A function to model species distributions using scikit-learn decision tree classifiers supporting the methods feature_importances_ and predict_proba. Use with: DecisionTreeClassifier, GradientBoostingClassifier, RandomForestClassifier, ExtraTreesClassifier or AdaBoostClassifier.

Parameters
  • params – A python dictionary containing the simulation parameters.

  • presence_absence_data – np.recarray containing presence-absence training data.

  • estimator – An sklearn decision tree classifier with methods: feature_importances_ and predict_proba. If None, uses sklearn.tree.DecisionTreeClassifier by default.

  • validation – ‘bootstrap’ or ‘split-sample’ resampling methods for cross-validation are currently supported.

  • test_fraction – Float defining the proportion of presence-absence data to set aside for validation. Only used in split-sample validation. Default = 0.15 (i.e. 15%).
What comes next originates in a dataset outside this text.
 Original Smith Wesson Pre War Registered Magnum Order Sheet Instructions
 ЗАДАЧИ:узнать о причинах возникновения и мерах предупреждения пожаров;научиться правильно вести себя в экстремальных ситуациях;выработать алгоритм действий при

  • replicates – Number of model iterations to perform (default=10).

  • gdalformat – Format of output images. Valid options “GTiff” or “KEA”.

  • clf_labels – Name of column in presence_absence_data delineating the binary class labels (presence=1, absence=0).
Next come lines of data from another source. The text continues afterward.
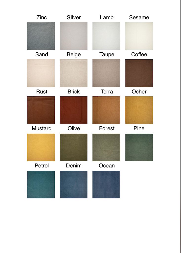 103SESAME, 104LAMB, 110SAND, 120BEIGE, 151SILVER, 270MUSTARD, 273OCHER, 320DENIM, 330OCEAN, 340PETROL, 350PINE, 352OLIVE, 353FOREST, 410TERRA, 432COFFEE, 440TAUPE, 450ZINC, 500BRICK, 501RUST
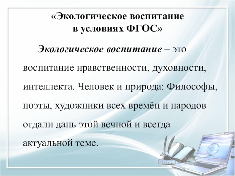 Слайд 40Экологическое воспитание в условиях дошкольного учреждения существуют не обособленно, а взаимосвязано.
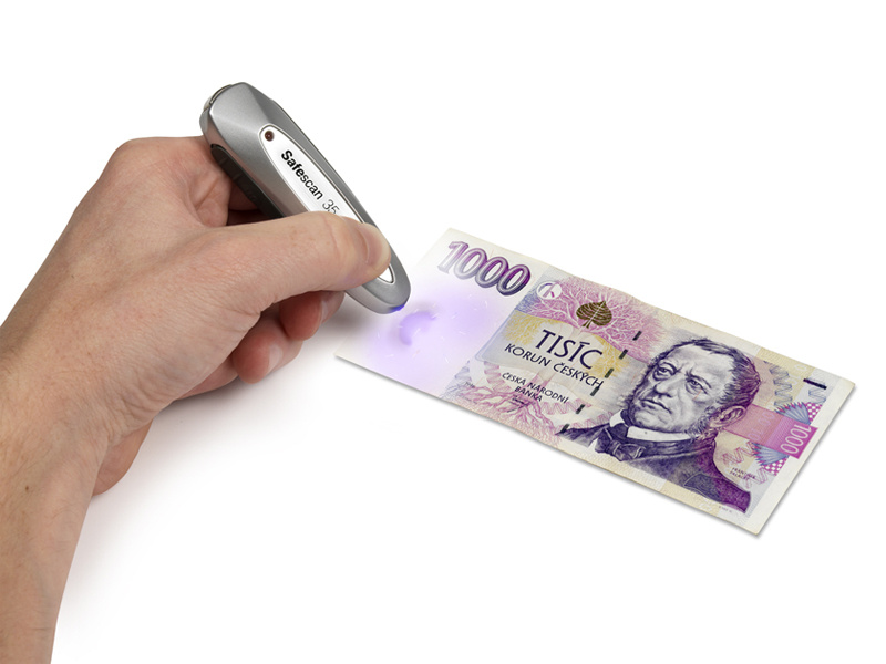 Kompaktní detektor Safescan k ověření pravosti bankovek třemi různými způsoby: UV, magnetické vlastnosti a bezpečnostní proužek. - Kompaktní detektor padělků bankovek Safescan - Trojnásobné ověření (UV, magnetické vlastnosti, bezpečnostní proužek) - Nízká hmotnost – jen 20 g - Přívěšek na krk - Baterie (4x LR44) jsou součástí balení - Příručka - Velikost: 90 x 30 x 25 mm

  • Overwrite – Boolean option to overwrite the output directory if it already exists.

  • plot_out_format – Output format for plots (options: png or pdf; default png)

  • plot_out_dpi – resolution of plot output images. Default 300.
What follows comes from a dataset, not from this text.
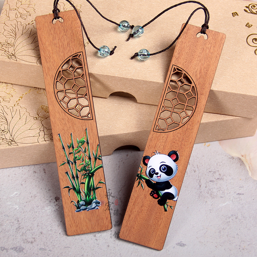 色絵金糸楠木パンダのしおりパンダ文創記念品赤木透かし彫りしおり彫刻ロゴ

rsgislib.sdm.apply_meta_estimator(params, presence_absence_data, estimator=None, validation='split-sample', test_fraction=0.15, replicates=10, max_depth=3, gdalformat='GTiff', clf_labels='Presence-Absence', Overwrite=True, plot_out_format='png', plot_out_dpi=300)

A function to model species distributions using scikit-learn classifiers supporting the method predict_proba. Works with: LogisticRegression (aka maxent) and MLPClassifier (perhaps others?). Is very slow with SVC.

To avoid encoding each categorical variable, this function uses gradient boosted decision trees to perform a feature transform. The leaves within the fitted decision tree are then encoded into sparse binary values and a meta-estimator (e.g. logistic regression / maxent) is then fitted onto the transformed features/variables. This often leads to better results than can be achieved by fitting the meta-estimator directly. This method is related to manifold learning & stacked regression (where a model is trained from the predictions of previous estimators).

References: https://scikit-learn.org/stable/auto_examples/ensemble/plot_feature_transformation.html https://www.quora.com/Why-do-people-use-gradient-boosted-decision-trees-to-do-feature-transform Breiman, L. (1996). Stacked regressions. Machine learning, 24(1), 49-64.

Parameters
  • params – A python dictionary containing the simulation parameters.

  • presence_absence_data – np.recarray containing presence-absence training data.

  • estimator – An sklearn classifier supporting a predict_proba method. If None, uses sklearn.linear_model.LogisticRegression (Maxent) by default.

  • validation – ‘bootstrap’ or ‘split-sample’ resampling methods for cross-validation are currently supported.

  • test_fraction – Float defining the proportion of presence-absence data to set aside for validation. Only used in split-sample validation. Default = 0.15 (i.e. 15%).

  • replicates – Number of model iterations to perform (default=10).

  • max_depth – Maximum number of nodes in the decision tree used to transform the presence absence data. When max_depth is high, a very detailed transform is undertaken. Conversely, setting max_depth to a low value (e.g. 3) limits overfitting.

  • gdalformat – Format of output images. Valid options “GTiff” or “KEA”.

  • clf_labels – Name of column in presence_absence_data delineating the binary class labels (presence=1, absence=0).

  • Overwrite – Boolean option to overwrite the output directory if it already exists.

  • plot_out_format – Output format for plots (options: png or pdf; default png)

  • plot_out_dpi – resolution of plot output images. Default 300.

Utilities

rsgislib.sdm.read_raster_information(InputImage)
A function to read a GDAL image to determine:
  • geot = Image geotransform.

  • srs = Coordinate system.

  • xsize, ysize = Image dimensions along the x & y axes.

  • noDataVal = NoDataValue for invalid pixels.

Parameters

InputImage – path to the input raster.